### Your objective
Would you return each record that follows word for word, without its pictures?

### Records shown
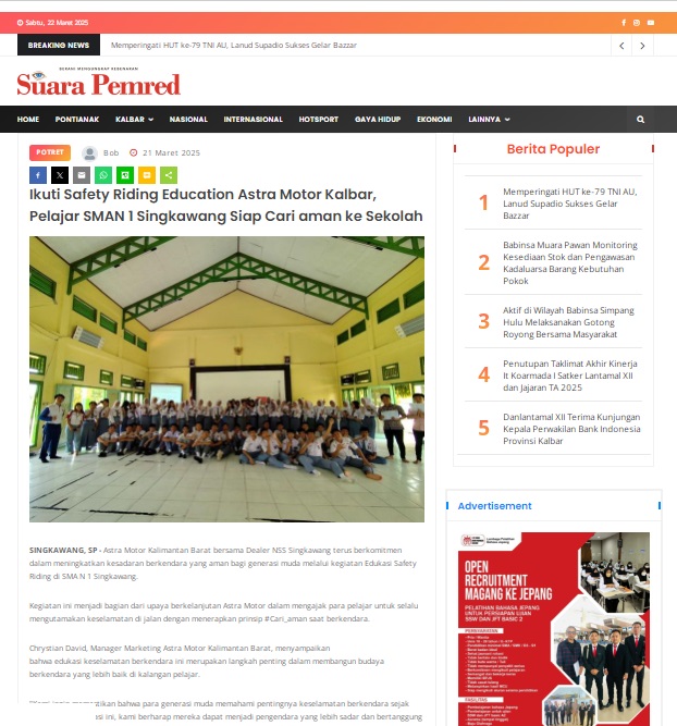 Ikuti Safety Riding Education Astra Motor Kalbar, Pelajar SMAN 1 Singkawang Siap Cari aman ke Sekolah by masmul 21 Maret 2025 in Silahkan kunjungi https://www.suarapemredkalbar.com/read/potret/21032025/ikuti-safety-riding-education-astra-motor-kalbar-pelajar-sman-1-singkawang-siap-cari-aman-ke-sekolah. You Might Like Regional Public Launching New ADV160 The SUV Pride Grand Launching New PCX 160 Truly Exceptional! Tetap hati-hati ya bro sist berkendara saat hujan.
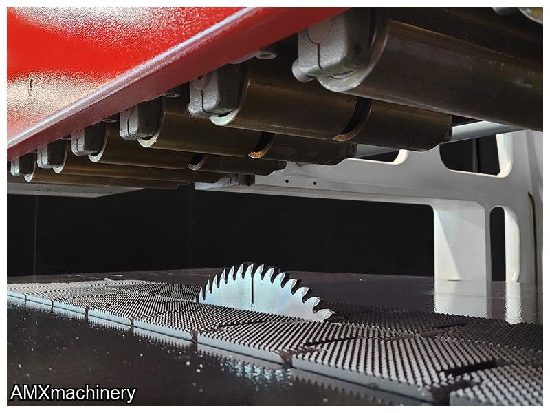 Is designed with performance and added safety in mind. Cutting from below forces the workpiece down on to the feed chain for superior hold down. In addition the blade can project up above the workpiece to allow the gullet to clear the chips which leads to less heat buildup resulting in longer blade life and improved cut quality. Is capable of producing a glue joint cut up to 12 feet. The user friendly floating fence allows the operator to easily line up the material for optimum yield resulting in greater efficiencies. The powerful 20HP direct drive ensures optimum feed rates no matter what material or thickness you are cutting.
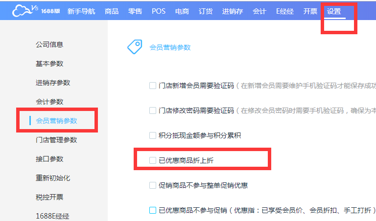 在已优惠商品参与促销的基础上,如果开启“已优惠商品折上折”,则会在享受会员价的基础上继续享受商品折扣(包括指定商品折扣及满就折)。
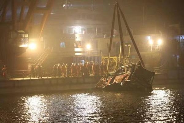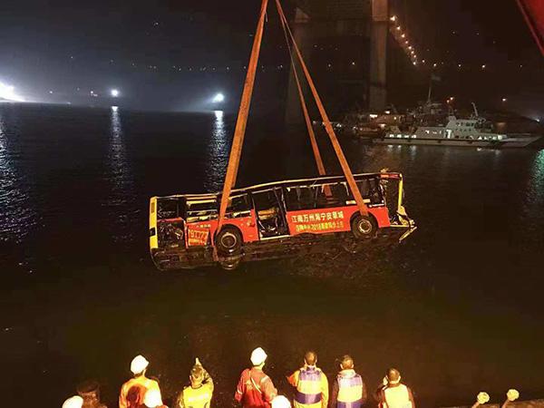 21時31分,開始對重慶萬州墜江公交車進行起吊工作。23時45分,成功將墜江公交車整體打撈出水。
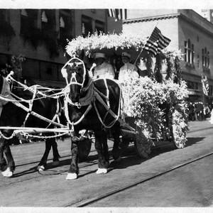 Rancho Santa Anita float entry for Rose Parade. Horse drawn wagon covered with flowers. Two people riding in front dressed in white. Part of float designed by Anita Baldwin to reflect her involvement with the Red Star Society.
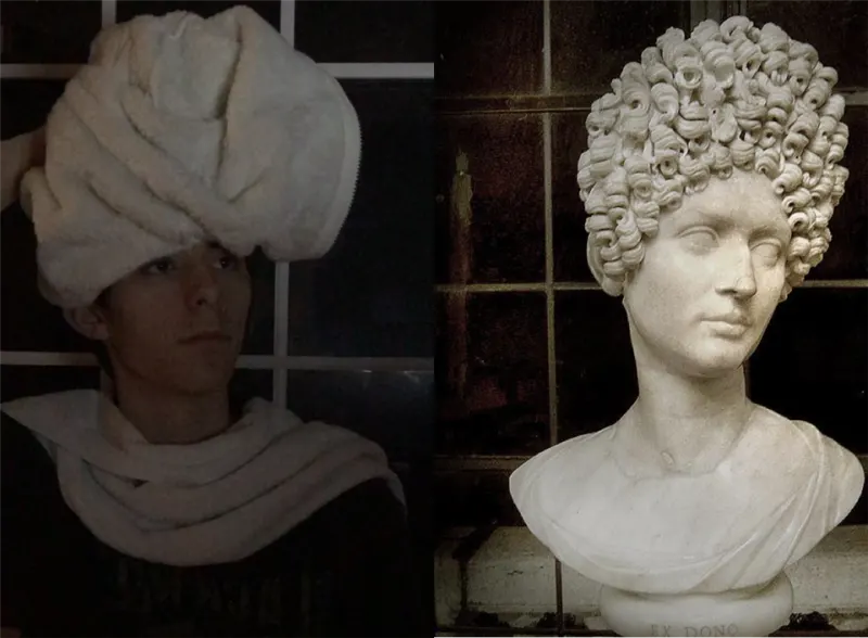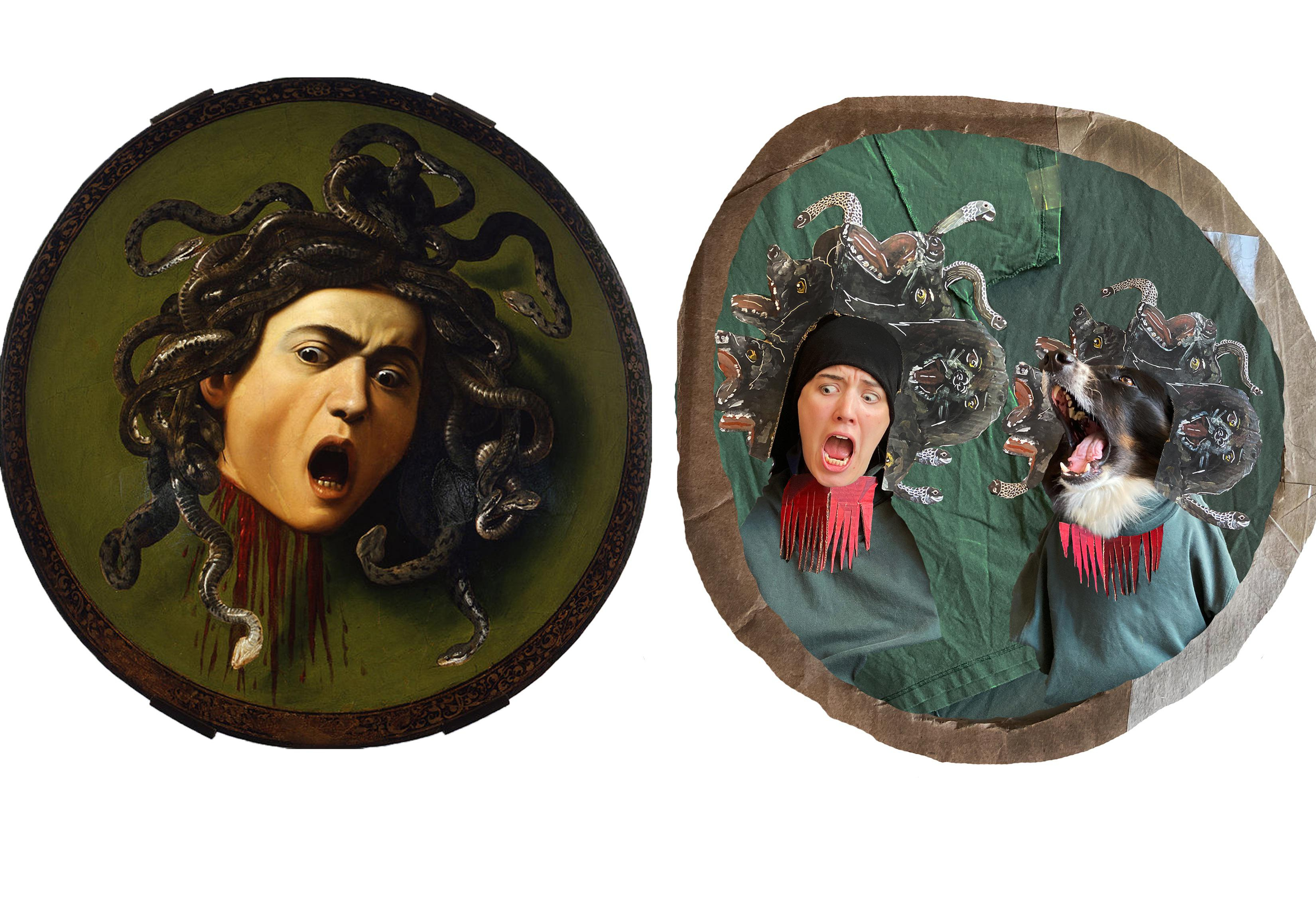 Speaking of Pre-Raphealites, here’s Circe Invidiosa by John William Waterhouse, recreated by a high school student from New Jersey. One of her teachers made the Getty Challenge into an assignment in the spring of 2020, and the school shared the project online. I have mixed feelings about this. Part of the joy of the Getty Challenge is its spontaneity, with people choosing to participate for fun: making students do it for class loses a bit of the magic. On the other hand, this is an offbeat and clever way to get teenagers to approach art history. Judging by the pictures from this school, the assignment encouraged students to think about image composition and lighting, get creative with props, and look at art pieces in an unusual way. Some of the students took their recreations in a gleefully silly direction, like this towel-based Roman bust:

### Answer box
 Ikuti Safety Riding Education Astra Motor Kalbar, Pelajar SMAN 1 Singkawang Siap Cari aman ke Sekolah by masmul 21 Maret 2025 in Silahkan kunjungi https://www.suarapemredkalbar.com/read/potret/21032025/ikuti-safety-riding-education-astra-motor-kalbar-pelajar-sman-1-singkawang-siap-cari-aman-ke-sekolah. You Might Like Regional Public Launching New ADV160 The SUV Pride Grand Launching New PCX 160 Truly Exceptional! Tetap hati-hati ya bro sist berkendara saat hujan.
 Is designed with performance and added safety in mind. Cutting from below forces the workpiece down on to the feed chain for superior hold down. In addition the blade can project up above the workpiece to allow the gullet to clear the chips which leads to less heat buildup resulting in longer blade life and improved cut quality. Is capable of producing a glue joint cut up to 12 feet. The user friendly floating fence allows the operator to easily line up the material for optimum yield resulting in greater efficiencies. The powerful 20HP direct drive ensures optimum feed rates no matter what material or thickness you are cutting.
 在已优惠商品参与促销的基础上,如果开启“已优惠商品折上折”,则会在享受会员价的基础上继续享受商品折扣(包括指定商品折扣及满就折)。
 21時31分,開始對重慶萬州墜江公交車進行起吊工作。23時45分,成功將墜江公交車整體打撈出水。
 Rancho Santa Anita float entry for Rose Parade. Horse drawn wagon covered with flowers. Two people riding in front dressed in white. Part of float designed by Anita Baldwin to reflect her involvement with the Red Star Society.
 Speaking of Pre-Raphealites, here’s Circe Invidiosa by John William Waterhouse, recreated by a high school student from New Jersey. One of her teachers made the Getty Challenge into an assignment in the spring of 2020, and the school shared the project online. I have mixed feelings about this. Part of the joy of the Getty Challenge is its spontaneity, with people choosing to participate for fun: making students do it for class loses a bit of the magic. On the other hand, this is an offbeat and clever way to get teenagers to approach art history. Judging by the pictures from this school, the assignment encouraged students to think about image composition and lighting, get creative with props, and look at art pieces in an unusual way. Some of the students took their recreations in a gleefully silly direction, like this towel-based Roman bust:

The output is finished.